WHAT THIS TASK INVOLVES |
Since pictures are not wanted, repeat only the text of the records, word for word.

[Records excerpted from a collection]
-=-=-=-=-

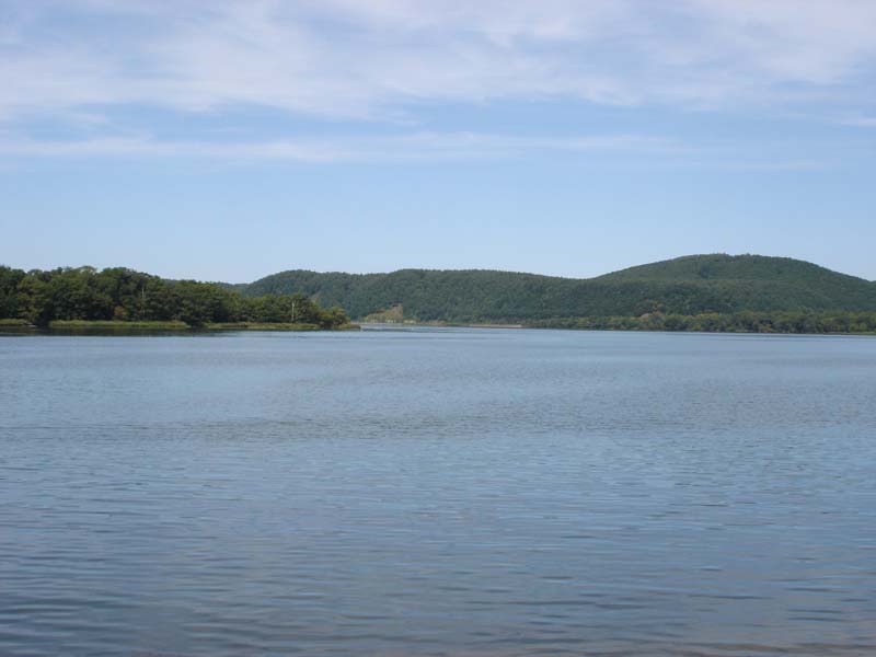 しかし走っているところがかなり田舎のため、施設などが何も無い。 昨日と同じように林道の入口に張るようになるのか…… しばらく走っていると大きな川を発見。 橋の途中で止まって、下を眺めてみる。 川原がかなり広くていい感じ。 丸くて大きな石がいっぱい転がっているが…… 川原にバイクで下りられるかな。 とりあえず橋を対岸まで渡ってみる。 しかし川原への降り口はない。 Uターンして橋の手前までやってくる。 林道の入口があってそこを進んでみたら川原のすぐ近くまで行くことができた。 だけど手前にも分流した幅3mくらいの川があるため、川原にバイクを持っていくことは無理だった。 仕方ないので橋の下まで無理やりバイクを運ぶ。
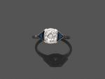 en platine 850 millièmes ornée au centre d'un diamant coussin de taille ancienne serti clos entre deux saphirs triangulaires.
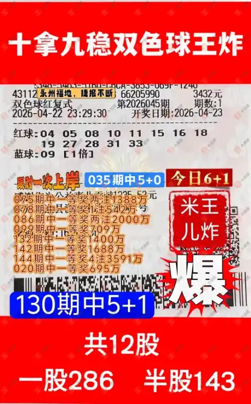 晒中045期双色球合买票参考
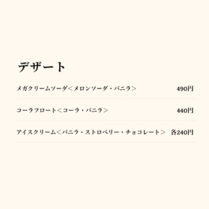 食後にはメガクリームソーダやアイスクリームなど、デザートメニューも充実しています。
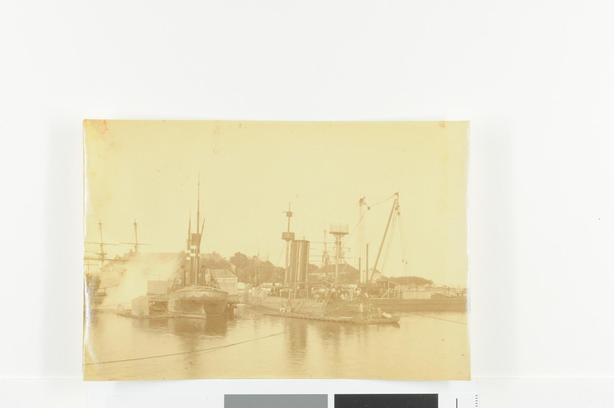 Het lichten van het pantserschip Hr.Ms. "Schorpioen" nadat het schip is gezonken in het natte dok van Willemsoord. Links ligt de raderstoomsleepboot "Hercules", september 1886.
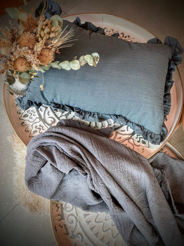 Transforma tu espacio con el sofisticado Almohadón de Tusor con Volados Chico.
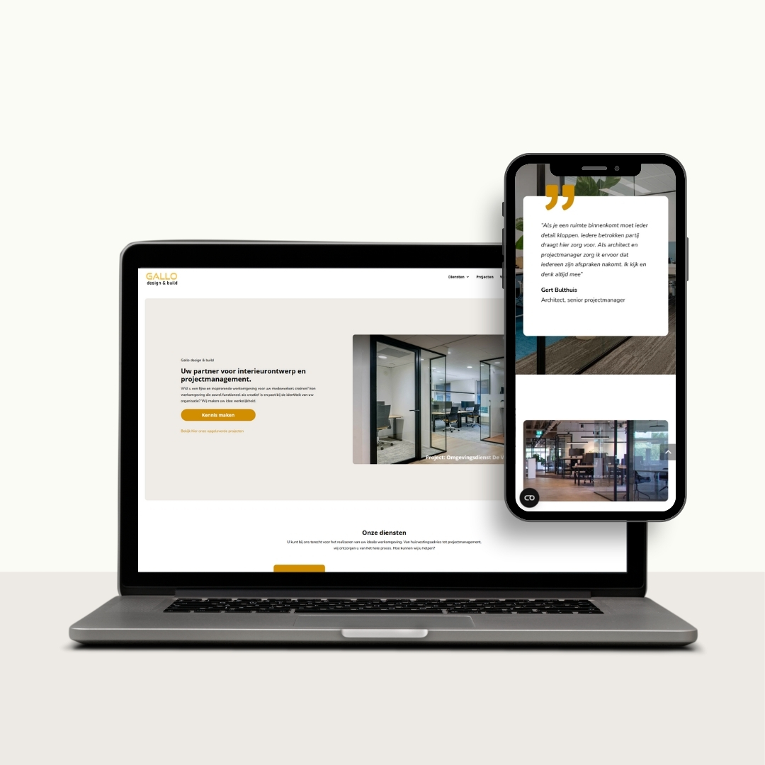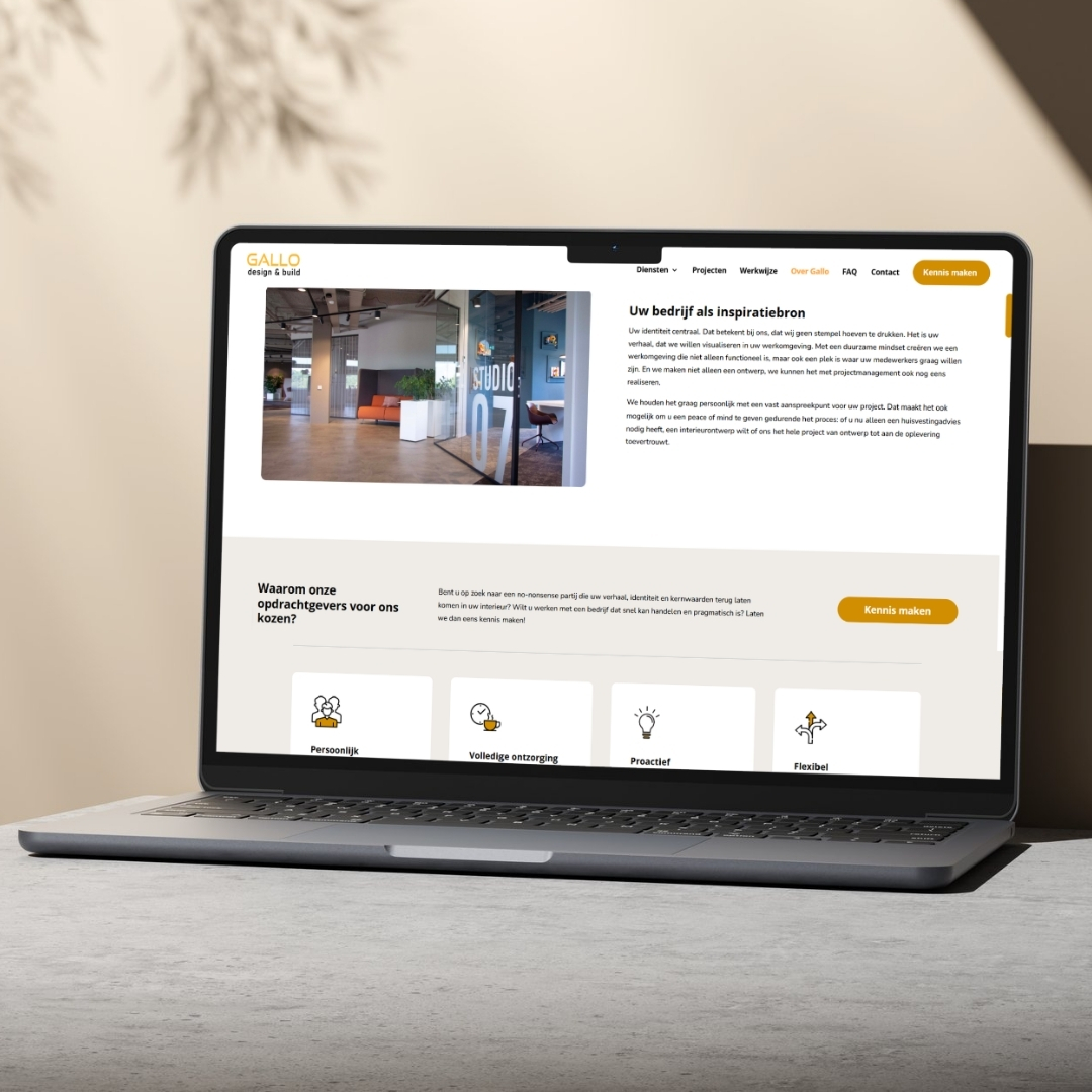 Gallo design & build is een full-service partner in interieurontwerp en realisatie voor zakelijke werkomgevingen, met ruim 15 jaar ervaring. Ze helpen organisaties bij het creëren van functionele, inspirerende en merk-gedreven kantooromgevingen. Wij hebben voor Gallo D&B een moderne website gebouwd die volledig aansluit bij hun kernwaarden en huisstijl.
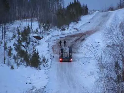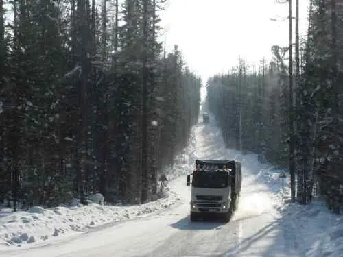 На некоторый подъемах, машины с грузом затаскивает трактор.
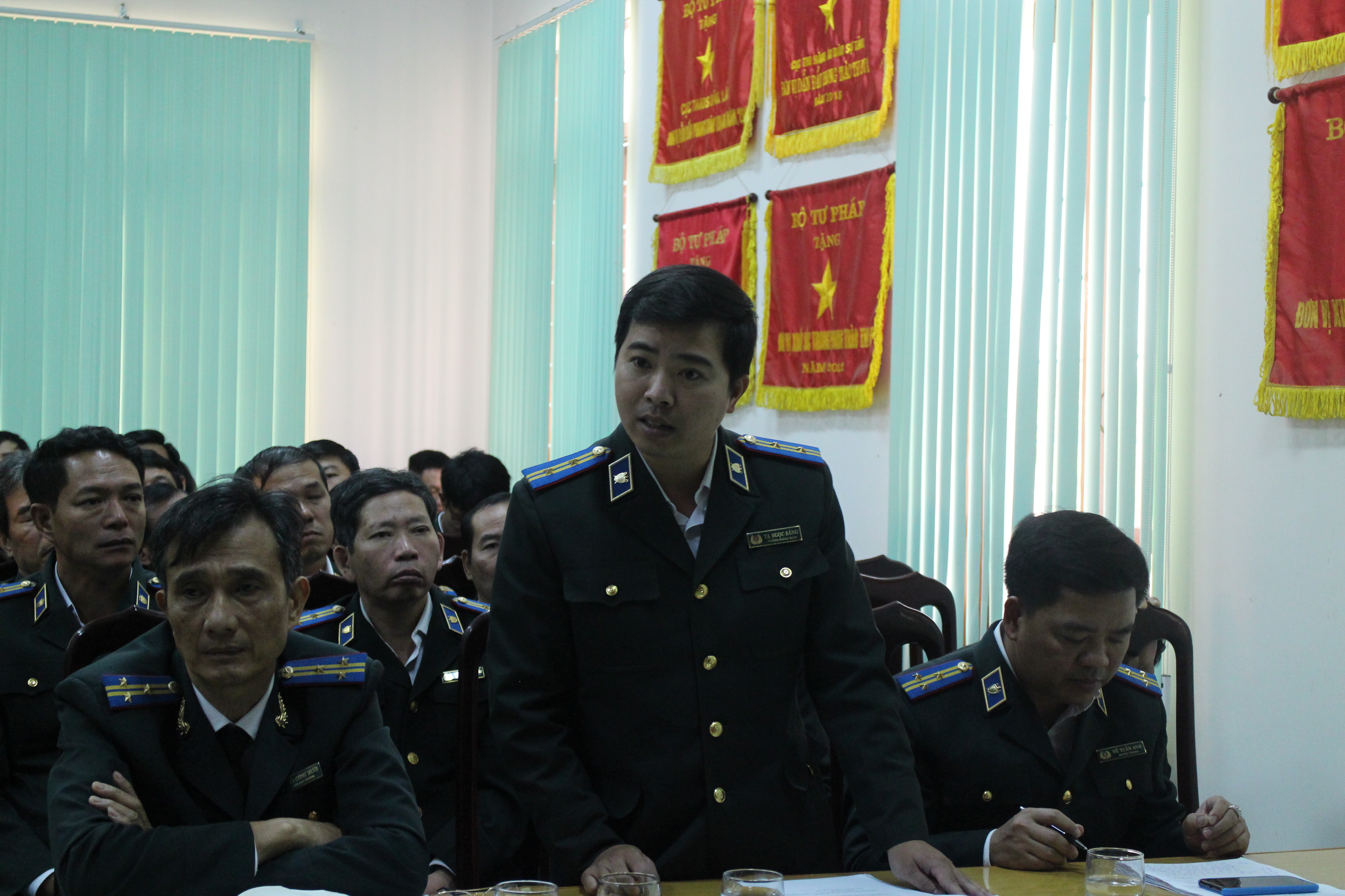 Đồng chí Cục trưởng yêu cầu Thủ trưởng các đơn vị thuộc Cục và Chi cục trưởng các Chi cục Thi hành án dân sự trực thuộc phải nêu cao tinh thần trách nhiệm, quyết liệt trong tổ chức thi hành án, triển khai và thực hiện có hiệu quả các phần mềm về thi hành án dân sự; yêu cầu các đơn vị đã thành lập Bộ phận một cửa tại đơn vị phải thực hiện cơ chế một cửa đạt hiệu quả cao nhất; tăng cường kỷ cương, kỷ luật thực thi công vụ, nhất là thời gian làm việc, tính thứ bậc trong cơ quan hành chính nhà nước; thực hiện có hiệu quả công tác phòng ngừa tiêu cực, tham nhũng trong hoạt động thi hành án dân sự; tiếp tục đẩy mạnh công tác cải cách Tư pháp, cải cách thủ tục hành chính; tăng cường ứng dụng công nghệ thông tin trong hoạt động quản lý, chỉ đạo, điều hành và công tác chuyên môn, nghiệp vụ; chú trọng và thường xuyên kiểm tra việc thực hiện nghiêm túc chế độ tài chính, kế toán và kế toán nghiệp vụ thi hành án; chú trọng công tác tiếp công dân, giải quyết đơn thư khiếu nại, tố cáo về thi hành án phải nghiêm túc, kịp thời, đúng pháp luật với trách nhiệm cao; việc quản lý, bảo vệ trụ sở, kho vật chứng, quản lý tài sản công, nhất là sử dụng xe ô tô công của các đơn vị phải đúng quy định, nghiêm cấm việc sử dụng xe công vào việc cá nhân.

-=-=-=-=-

EXPECTED ANSWER |
 しかし走っているところがかなり田舎のため、施設などが何も無い。 昨日と同じように林道の入口に張るようになるのか…… しばらく走っていると大きな川を発見。 橋の途中で止まって、下を眺めてみる。 川原がかなり広くていい感じ。 丸くて大きな石がいっぱい転がっているが…… 川原にバイクで下りられるかな。 とりあえず橋を対岸まで渡ってみる。 しかし川原への降り口はない。 Uターンして橋の手前までやってくる。 林道の入口があってそこを進んでみたら川原のすぐ近くまで行くことができた。 だけど手前にも分流した幅3mくらいの川があるため、川原にバイクを持っていくことは無理だった。 仕方ないので橋の下まで無理やりバイクを運ぶ。
 en platine 850 millièmes ornée au centre d'un diamant coussin de taille ancienne serti clos entre deux saphirs triangulaires.
 晒中045期双色球合买票参考
 食後にはメガクリームソーダやアイスクリームなど、デザートメニューも充実しています。
 Het lichten van het pantserschip Hr.Ms. "Schorpioen" nadat het schip is gezonken in het natte dok van Willemsoord. Links ligt de raderstoomsleepboot "Hercules", september 1886.
 Transforma tu espacio con el sofisticado Almohadón de Tusor con Volados Chico.
 Gallo design & build is een full-service partner in interieurontwerp en realisatie voor zakelijke werkomgevingen, met ruim 15 jaar ervaring. Ze helpen organisaties bij het creëren van functionele, inspirerende en merk-gedreven kantooromgevingen. Wij hebben voor Gallo D&B een moderne website gebouwd die volledig aansluit bij hun kernwaarden en huisstijl.
 На некоторый подъемах, машины с грузом затаскивает трактор.
 Đồng chí Cục trưởng yêu cầu Thủ trưởng các đơn vị thuộc Cục và Chi cục trưởng các Chi cục Thi hành án dân sự trực thuộc phải nêu cao tinh thần trách nhiệm, quyết liệt trong tổ chức thi hành án, triển khai và thực hiện có hiệu quả các phần mềm về thi hành án dân sự; yêu cầu các đơn vị đã thành lập Bộ phận một cửa tại đơn vị phải thực hiện cơ chế một cửa đạt hiệu quả cao nhất; tăng cường kỷ cương, kỷ luật thực thi công vụ, nhất là thời gian làm việc, tính thứ bậc trong cơ quan hành chính nhà nước; thực hiện có hiệu quả công tác phòng ngừa tiêu cực, tham nhũng trong hoạt động thi hành án dân sự; tiếp tục đẩy mạnh công tác cải cách Tư pháp, cải cách thủ tục hành chính; tăng cường ứng dụng công nghệ thông tin trong hoạt động quản lý, chỉ đạo, điều hành và công tác chuyên môn, nghiệp vụ; chú trọng và thường xuyên kiểm tra việc thực hiện nghiêm túc chế độ tài chính, kế toán và kế toán nghiệp vụ thi hành án; chú trọng công tác tiếp công dân, giải quyết đơn thư khiếu nại, tố cáo về thi hành án phải nghiêm túc, kịp thời, đúng pháp luật với trách nhiệm cao; việc quản lý, bảo vệ trụ sở, kho vật chứng, quản lý tài sản công, nhất là sử dụng xe ô tô công của các đơn vị phải đúng quy định, nghiêm cấm việc sử dụng xe công vào việc cá nhân.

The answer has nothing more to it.